**DATA SUPPLIED**
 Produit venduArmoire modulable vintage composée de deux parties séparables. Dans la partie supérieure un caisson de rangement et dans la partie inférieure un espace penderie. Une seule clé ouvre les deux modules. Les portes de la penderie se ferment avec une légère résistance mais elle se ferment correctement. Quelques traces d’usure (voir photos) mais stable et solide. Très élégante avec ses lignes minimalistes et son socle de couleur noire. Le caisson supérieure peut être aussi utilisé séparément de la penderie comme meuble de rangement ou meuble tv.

--

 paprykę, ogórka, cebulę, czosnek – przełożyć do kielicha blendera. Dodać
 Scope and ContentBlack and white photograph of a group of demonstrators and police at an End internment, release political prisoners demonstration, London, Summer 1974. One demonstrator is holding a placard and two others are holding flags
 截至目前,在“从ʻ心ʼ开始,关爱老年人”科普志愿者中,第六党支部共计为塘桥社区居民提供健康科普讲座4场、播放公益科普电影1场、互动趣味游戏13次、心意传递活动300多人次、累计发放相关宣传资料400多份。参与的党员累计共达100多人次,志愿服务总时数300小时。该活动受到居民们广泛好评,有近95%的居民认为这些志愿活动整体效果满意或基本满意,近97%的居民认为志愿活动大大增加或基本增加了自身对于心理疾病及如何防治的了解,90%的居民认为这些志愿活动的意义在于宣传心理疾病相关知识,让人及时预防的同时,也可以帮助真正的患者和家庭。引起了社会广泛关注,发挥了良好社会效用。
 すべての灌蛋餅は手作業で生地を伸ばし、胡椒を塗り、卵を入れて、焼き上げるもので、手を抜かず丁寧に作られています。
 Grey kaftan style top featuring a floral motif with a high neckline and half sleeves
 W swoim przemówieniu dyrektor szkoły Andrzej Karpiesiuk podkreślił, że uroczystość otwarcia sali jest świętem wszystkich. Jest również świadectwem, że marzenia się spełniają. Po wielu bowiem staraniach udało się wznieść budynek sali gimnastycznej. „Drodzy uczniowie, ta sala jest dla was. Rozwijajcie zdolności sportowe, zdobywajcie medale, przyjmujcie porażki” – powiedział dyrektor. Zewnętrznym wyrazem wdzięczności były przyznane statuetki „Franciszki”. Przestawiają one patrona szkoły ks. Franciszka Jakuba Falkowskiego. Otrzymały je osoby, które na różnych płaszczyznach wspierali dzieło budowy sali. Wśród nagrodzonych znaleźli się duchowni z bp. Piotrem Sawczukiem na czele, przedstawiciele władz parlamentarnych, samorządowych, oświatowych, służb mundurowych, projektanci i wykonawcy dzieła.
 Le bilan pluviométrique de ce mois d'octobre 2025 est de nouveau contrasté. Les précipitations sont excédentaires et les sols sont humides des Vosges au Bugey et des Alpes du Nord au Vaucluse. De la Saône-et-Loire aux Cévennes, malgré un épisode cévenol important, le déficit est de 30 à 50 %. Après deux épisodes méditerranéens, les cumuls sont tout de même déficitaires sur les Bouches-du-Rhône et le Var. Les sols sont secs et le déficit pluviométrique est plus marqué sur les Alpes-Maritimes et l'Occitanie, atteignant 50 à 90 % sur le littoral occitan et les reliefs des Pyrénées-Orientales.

**WHAT YOU NEED TO DO**
Output the lines above between the one holding "Grey kaftan style" and the one holding "Le bilan pluviométrique", inclusive, with nothing before or after them.

**ANSWER BOX**
 Grey kaftan style top featuring a floral motif with a high neckline and half sleeves
 W swoim przemówieniu dyrektor szkoły Andrzej Karpiesiuk podkreślił, że uroczystość otwarcia sali jest świętem wszystkich. Jest również świadectwem, że marzenia się spełniają. Po wielu bowiem staraniach udało się wznieść budynek sali gimnastycznej. „Drodzy uczniowie, ta sala jest dla was. Rozwijajcie zdolności sportowe, zdobywajcie medale, przyjmujcie porażki” – powiedział dyrektor. Zewnętrznym wyrazem wdzięczności były przyznane statuetki „Franciszki”. Przestawiają one patrona szkoły ks. Franciszka Jakuba Falkowskiego. Otrzymały je osoby, które na różnych płaszczyznach wspierali dzieło budowy sali. Wśród nagrodzonych znaleźli się duchowni z bp. Piotrem Sawczukiem na czele, przedstawiciele władz parlamentarnych, samorządowych, oświatowych, służb mundurowych, projektanci i wykonawcy dzieła.
 Le bilan pluviométrique de ce mois d'octobre 2025 est de nouveau contrasté. Les précipitations sont excédentaires et les sols sont humides des Vosges au Bugey et des Alpes du Nord au Vaucluse. De la Saône-et-Loire aux Cévennes, malgré un épisode cévenol important, le déficit est de 30 à 50 %. Après deux épisodes méditerranéens, les cumuls sont tout de même déficitaires sur les Bouches-du-Rhône et le Var. Les sols sont secs et le déficit pluviométrique est plus marqué sur les Alpes-Maritimes et l'Occitanie, atteignant 50 à 90 % sur le littoral occitan et les reliefs des Pyrénées-Orientales.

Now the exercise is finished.